Exercise>
Every record below must be returned word for word, with the pictures left out.

Given data>
——————————
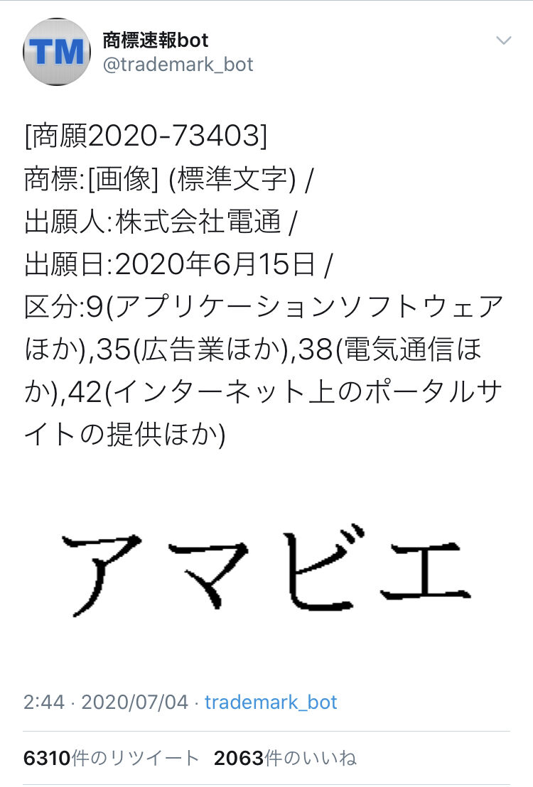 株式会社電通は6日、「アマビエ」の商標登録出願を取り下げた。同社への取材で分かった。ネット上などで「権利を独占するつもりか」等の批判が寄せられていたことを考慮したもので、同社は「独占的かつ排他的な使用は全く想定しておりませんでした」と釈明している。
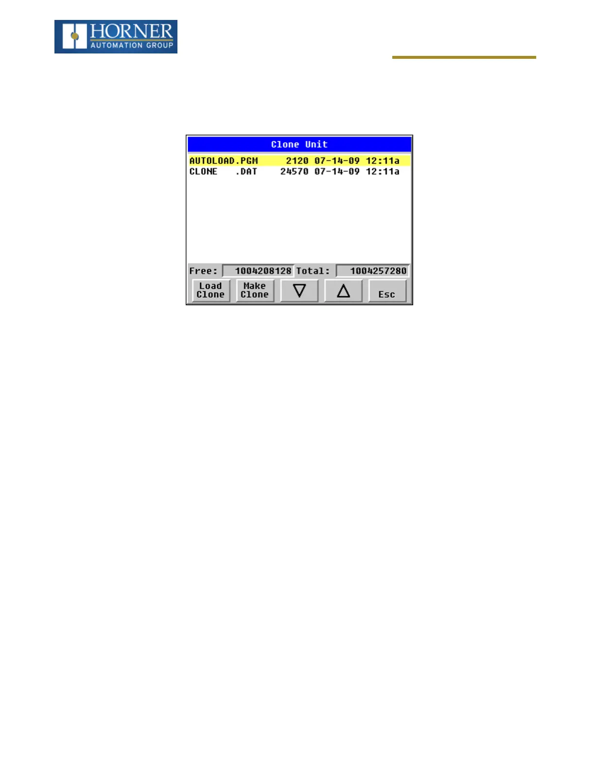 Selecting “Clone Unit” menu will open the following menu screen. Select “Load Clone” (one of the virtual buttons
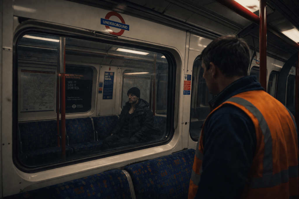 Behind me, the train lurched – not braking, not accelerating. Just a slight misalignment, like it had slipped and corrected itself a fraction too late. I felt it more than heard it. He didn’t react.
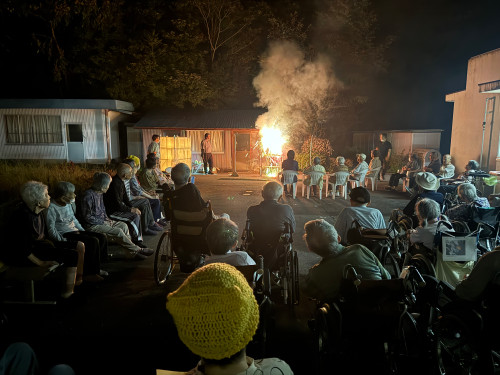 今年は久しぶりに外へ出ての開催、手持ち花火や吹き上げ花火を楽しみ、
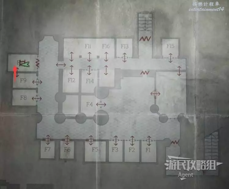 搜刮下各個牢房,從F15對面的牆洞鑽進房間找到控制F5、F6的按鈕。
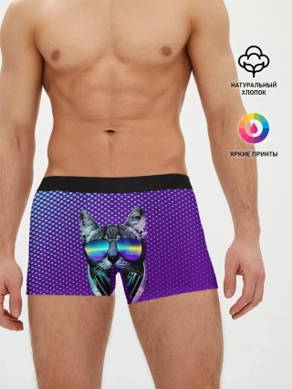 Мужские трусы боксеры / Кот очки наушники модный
——————————
Solved exercise>
 株式会社電通は6日、「アマビエ」の商標登録出願を取り下げた。同社への取材で分かった。ネット上などで「権利を独占するつもりか」等の批判が寄せられていたことを考慮したもので、同社は「独占的かつ排他的な使用は全く想定しておりませんでした」と釈明している。
 Selecting “Clone Unit” menu will open the following menu screen. Select “Load Clone” (one of the virtual buttons
 Behind me, the train lurched – not braking, not accelerating. Just a slight misalignment, like it had slipped and corrected itself a fraction too late. I felt it more than heard it. He didn’t react.
 今年は久しぶりに外へ出ての開催、手持ち花火や吹き上げ花火を楽しみ、
 搜刮下各個牢房,從F15對面的牆洞鑽進房間找到控制F5、F6的按鈕。
 Мужские трусы боксеры / Кот очки наушники модный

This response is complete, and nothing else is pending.